Adam, as well as death in Italy in April of the year of his son Friedrich. And finally, the attempt on A. Hitler of the officers, whom he knew well.
He was shocked by the execution of the conspirators, among whom was his friend-Field Marshal E. his role was played, apparently, his wife, delivered from Berlin with Soviet intelligence. Four days later, he joined the Union of German Officers. Then - to the National Committee "Free Germany". From this moment on, he becomes one of the most active propagandists in the fight against Nazism.
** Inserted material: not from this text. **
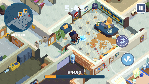 3、轻量化操作易上手,核心操作围绕移动、潜行、工具使用展开,点击拖拽即可完成清洁动作,新手能快速掌握,无需复杂操作就能沉浸在游戏的喜剧氛围中。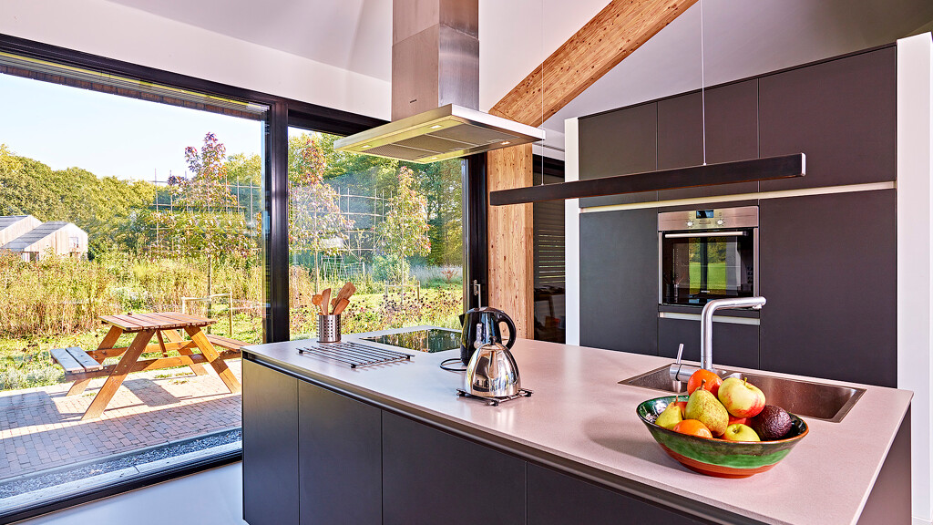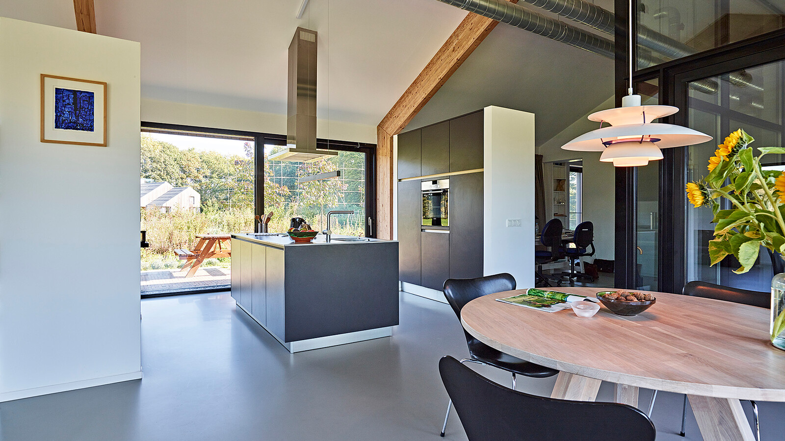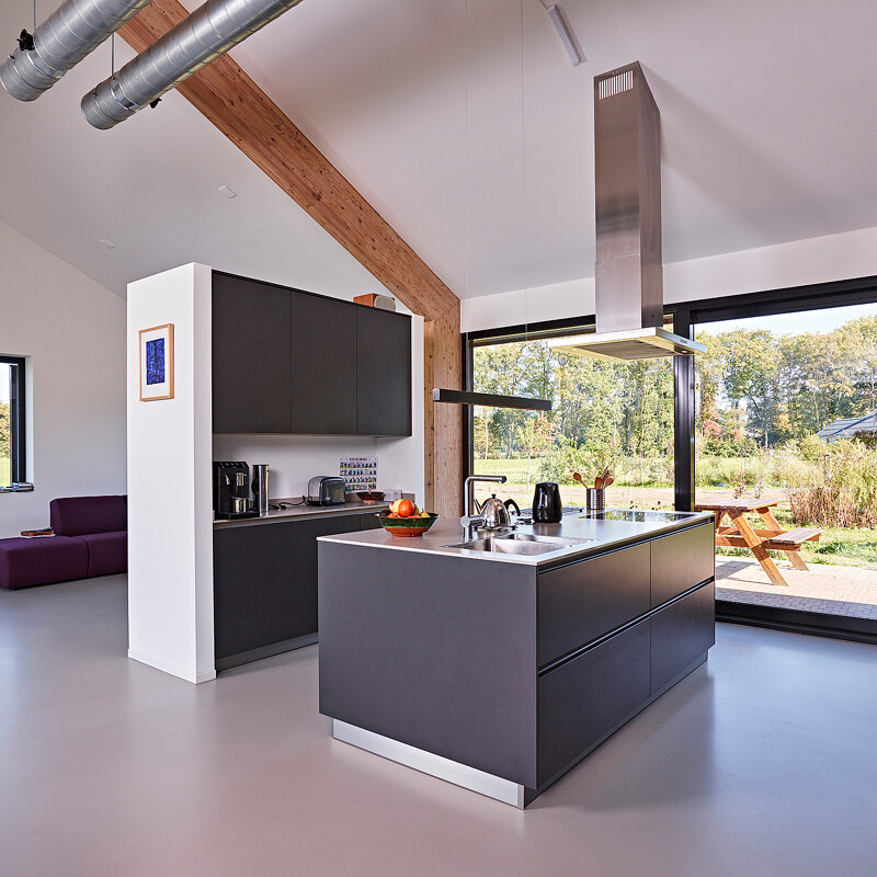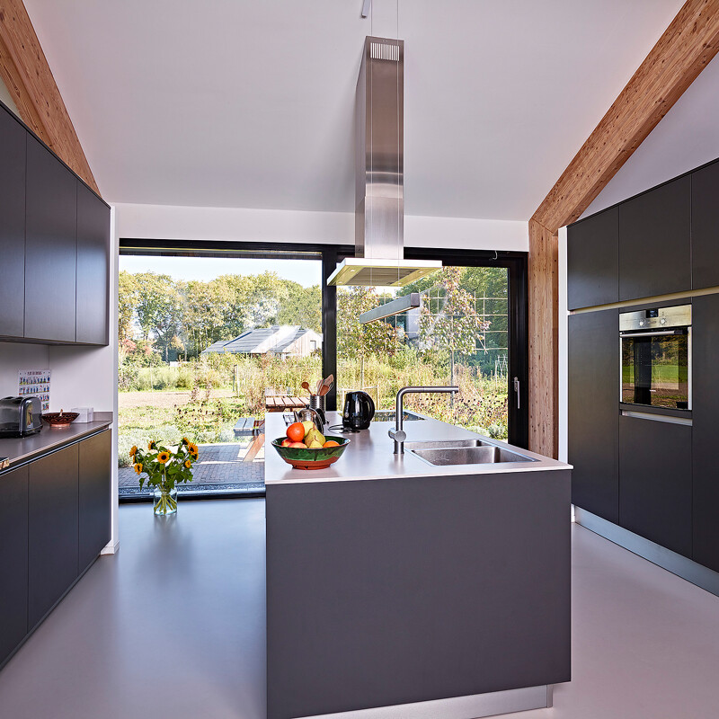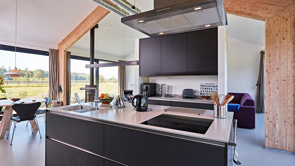 Mitten im Grünen, in der Nähe von Zutphen (NL), liegt dieses besondere, energieneutrale Haus. Rundum sind große Fenster vorhanden, sodass das Gefühl des Draußenlebens das ganze Jahr hindurch gelebt werden kann. Die Kücheninsel und die 2 hohen Schrankelemente stehen frei im Raum, wodurch der geräumige Effekt zusätzlich verstärkt wird. Hier entschied man sich für eine Küche von Contur mit mattschwarzen Kunststoff-Fronten und einer hellgrauen Silestone Komposit Arbeitsplatte. An der einen Seite der Insel befindet sich eine hohe Schrankwand mit Ofen, Kühlschrank und Vorratsschrank, an der anderen Seite eine extra Anrichte und Oberschränke. Geplant wurde die Küche von unserem Berater Carsten Palstring.

He regularly performs on the radio, puts his signatures on the leaflets, urging the Wehrmacht soldier to switch to the side of the Russians. After the war, the “Stalingrad” generals were still captured. Many of them were then convicted in the USSR, but all 23, except for one deceased, later returned home from 94 thousand soldiers - about 6 thousand. However, Paulus in his homeland already visited in February as a participant in the Nuremberg process.
His appearance there and a performance in court as a witness was a surprise even for the officers closest to Paulus, not to mention the defendants, A. Yodla and G. Goering, who had to reassure. Some of the prisoners of the generals accused their colleague of baseness and betrayal. After Nuremberg, Field Marshal was a month and a half in Thuringia, where he met with his relatives.At the end of March, he was again brought to Moscow and settled in the country in Ilyinsky near Moscow according to some sources in Zagoryansk.
There, he studied the works of the classics of Marxism-Leninism, read party literature, preparing for performances to the Soviet generals. He had his own doctor, cook and adjutant. Paulus was regularly delivered letters and parcels from relatives. When he fell ill, they drove for treatment in Yalta. But all his requests for returning home, about visiting the grave of his wife, came across the wall of a polite refusal.
One morning in the year, Paulus was found unconscious, but managed to save.